Council adopts Clean Neighbourhoods powers

PUBLISHED: 20:53 19 June 2006 | UPDATED: 11:03 22 October 2010

New powers to issue fines to people who drop litter and fly post were today agreed by South Norfolk councillors.

New powers to issue fines to people who drop litter and fly post were today agreed by South Norfolk councillors.

The council's cabinet was asked to approve the use of powers introduced by the Clean Neighbourhoods and Environment Act 2005 as a way of tackling environmental crime and anti-social behaviour.

It includes a range of powers available to district and parish councils to address problems such a litter, dog fouling, fly tipping and abandoned vehicles.

In the last three years the number of reported incidents of fly tipping in South Norfolk has increased from 543 in 2003/04 to 924 in 2005/06.

Funding of £20,000 for promoting waste recycling and targeting environmental crime has already been approved by the council.

Head of environmental services, David Osborne, said: “This is really the start of a fairly major initiative to improve the quality of the general environment in South Norfolk.

“There are areas of some concern. So we can get to grips with the underlying causes of environmental crime it's about encouraging the public to take responsibility for their own waste.”

Measures also include a high visibility street cleaning operation and a promotional campaign of education through leaflets and posters.

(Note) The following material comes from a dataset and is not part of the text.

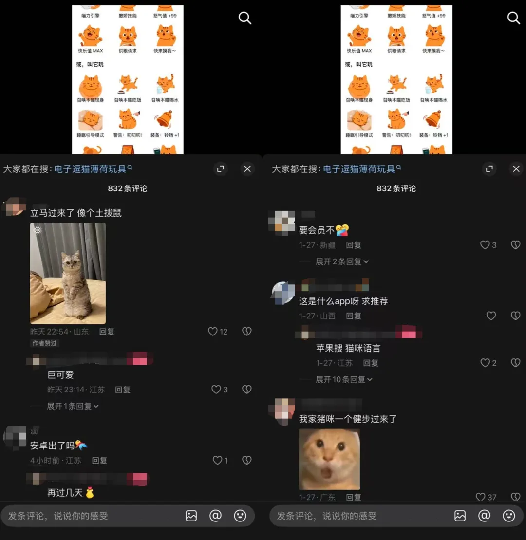 在社交媒体平台中,大量用户分享了实际使用体验,普遍反馈称“功能真实有效”,有用户表示:“每次打开声音,家里的猫马上就跑过来了。”同时,不少用户也在评论区留言询问,强烈呼吁开发团队尽快推出安卓版本,以满足更广泛宠物主人的使用需求。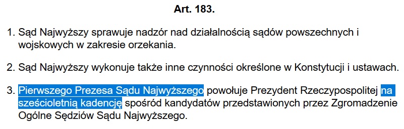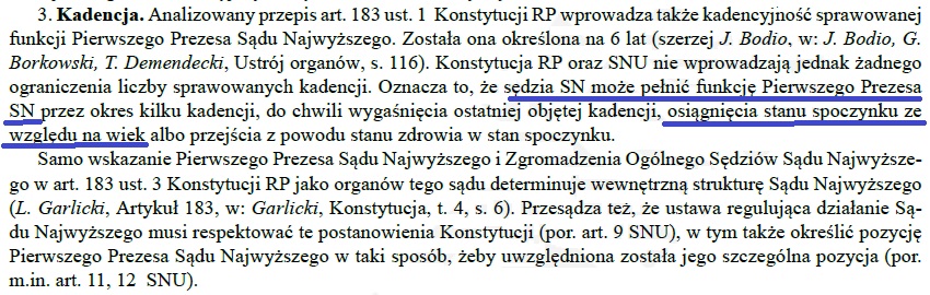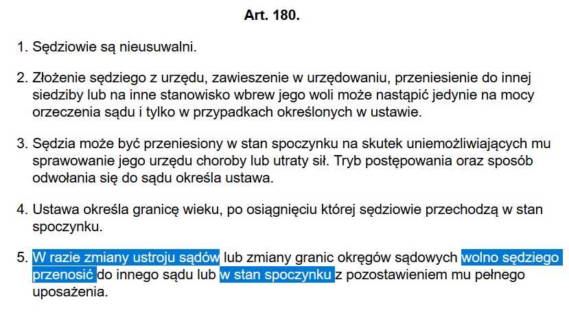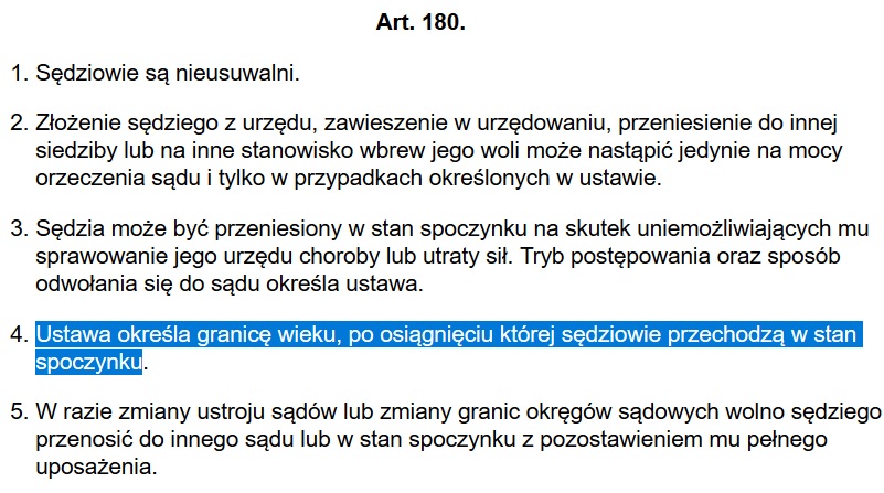 …o tym, że z konstytucji jasno wynika, że Gersdorf jest, lub że nie jest pierwszym prezesem sądu najwyższego („PPSN”). Nasza kiepska konstytucja nie daje na to pytanie jednoznacznej odpowiedzi. Z jednej strony mamy art. 180, który wyraźnie stwierdza, że to władza ustawodawcza ma prawo kształtować ustój sądów, w tym wiek spoczynku sędziów:

Mr Osborne said they hoped to use the fines as a last resort and they were in line with the rest of Norfolk and Suffolk, in that they were the maximum that could be set with discounts offered in some cases for early payment.

They range from £80 for dropping litter, graffiti and fly posting, reduced to £60 if paid within 10 days, to £200 for the removal of abandoned vehicles and £500 for noise from licensed premises.

Money through fines would go back to the council, but if cases went to court it would not, though costs could be awarded to the authority.